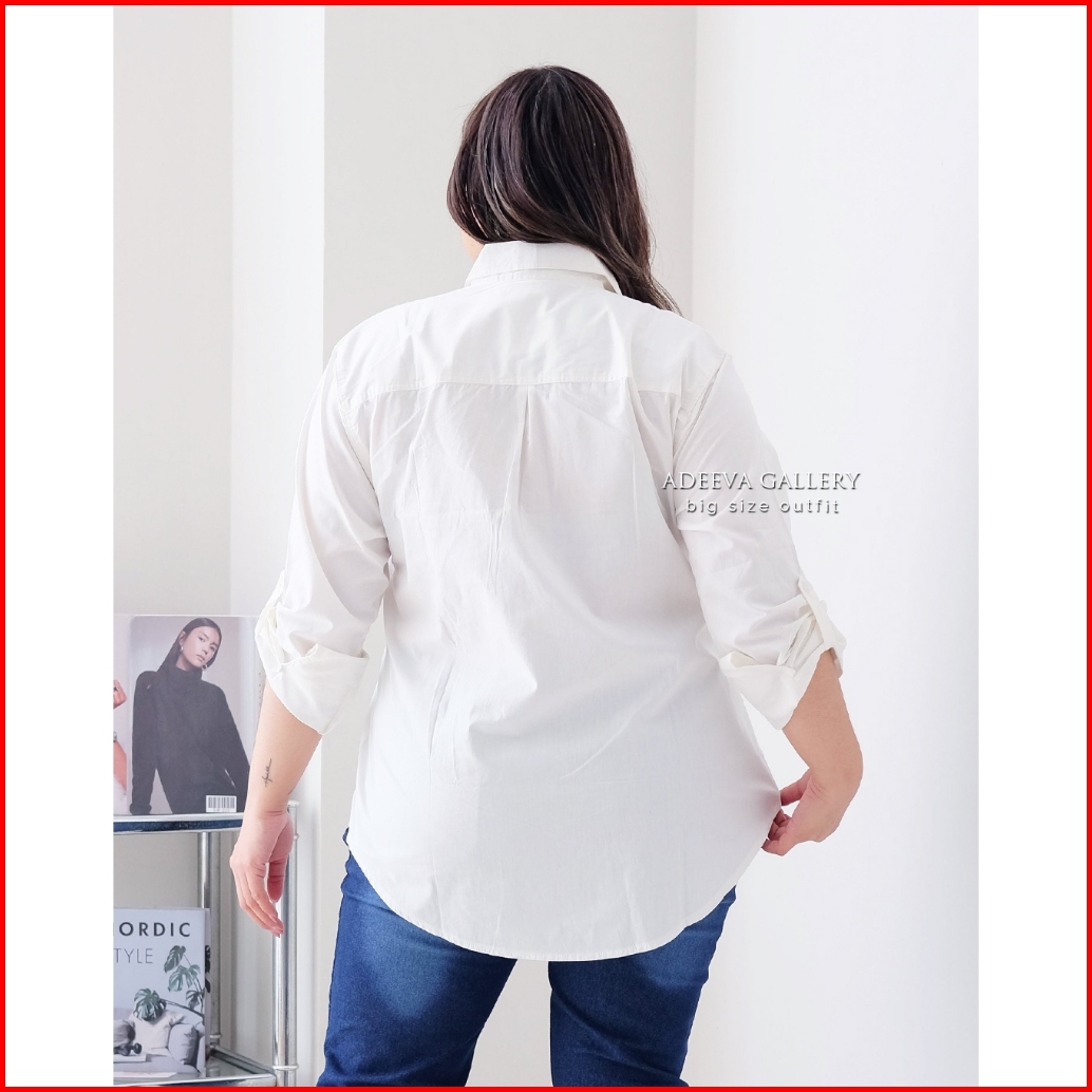 Adeeva Kemeja Polos Jumbo Atasan Wanita Slimfit Katun Casual Kerja Kantor Jumbo
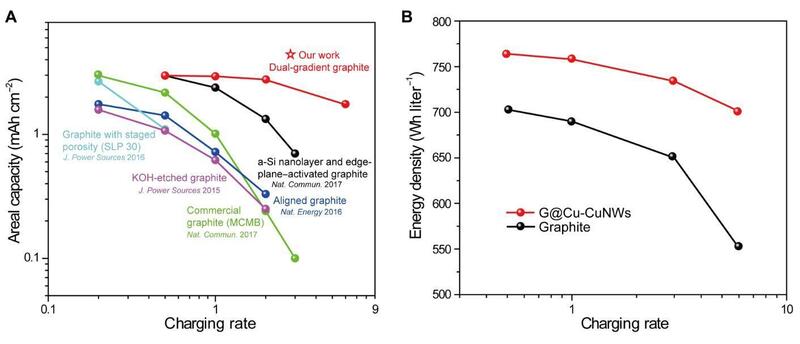 I ricercatori hanno cercato di migliorare la sua costruzione ricorrendo a una architettura porosa a doppio gradiente con particelle di grafite, nanofili di rame e un rivestimento di rame ricavato attraverso un nuovo processo di composizione.
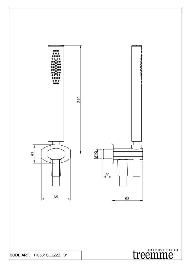 Treemme Hedo Душевой гарнитур: душевая лейка 1 вид струи, держатель, шланг, цвет: chrome IT6531CCZZZZ
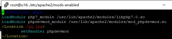 修改/etc/apache2/mods-enabled/php7.0.load文件,添加如下
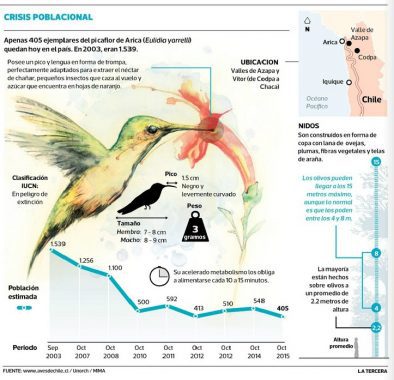 En el año 2003 se estimaba que la población del picaflor de Arica, el ave más pequeña del país con apenas ocho centímetros de largo y 3 gramos de peso, era de 1.539 ejemplares, pero las últimas observaciones realizadas en octubre del año pasado dan cuenta de un escenario más catastrófico: se avistaron solo 405 individuos, lo que deja a esta especie en la categoría de ave en peligro de extinción y en cinco años podría desaparecer, según un estudio encargado por el Ministerio de Medio Ambiente (MMA) a la Unión de Ornitólogos de Chile (Unorch)
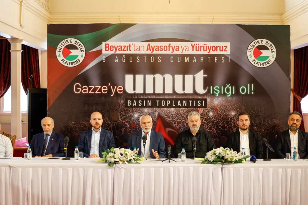 Okunan bildiride, 9 Ağustos’ta yapılacak olan yürüyüşe çağrıda bulunuldu, “7 Ekim’den sonra İsrail, sadece askerî hedefleri değil; hastaneleri, okulları, ibadethaneleri, ambulansları, yardım konvoylarını ve çocuk parklarını bombaladı. Kadınlar, çocuklar, yaşlılar, sivil erkekler; kimin yaşayıp kimin öleceğine karar verilen bir oyun tahtasında hedef hâline geldi. İşte biz de bu haklı mücadeleden ilham alarak halkımızı büyük bir yürüyüşe davet ediyoruz. Gazze’ye bir umut ışığı taşımak için, bu zulmün karanlığını delmek için; kararlılıkla, sessizlikle değil ama vakar ve onurla yürümek için, 9 Ağustos Cumartesi günü akşam namazı sonrasında Beyazıt Meydanı’nda buluşacağız. Oradan Ayasofya Camii’ne doğru, ellerimizdeki fenerlerle yürüyeceğiz. Çünkü bu yürüyüş, sadece sembolik bir hareket değildir. Bu yürüyüş, Gazze’ye ulaştırılmak istenen umut, onur ve dayanışma mesajıdır.”

==========

▶ _Your objective_: The expected output is the lines above from the one containing "修改/etc/apache2" to the one containing "En el año 2003", both ends included, reproduced exactly with every picture left out.

▶ _Solution for this problem_:
 修改/etc/apache2/mods-enabled/php7.0.load文件,添加如下
 En el año 2003 se estimaba que la población del picaflor de Arica, el ave más pequeña del país con apenas ocho centímetros de largo y 3 gramos de peso, era de 1.539 ejemplares, pero las últimas observaciones realizadas en octubre del año pasado dan cuenta de un escenario más catastrófico: se avistaron solo 405 individuos, lo que deja a esta especie en la categoría de ave en peligro de extinción y en cinco años podría desaparecer, según un estudio encargado por el Ministerio de Medio Ambiente (MMA) a la Unión de Ornitólogos de Chile (Unorch)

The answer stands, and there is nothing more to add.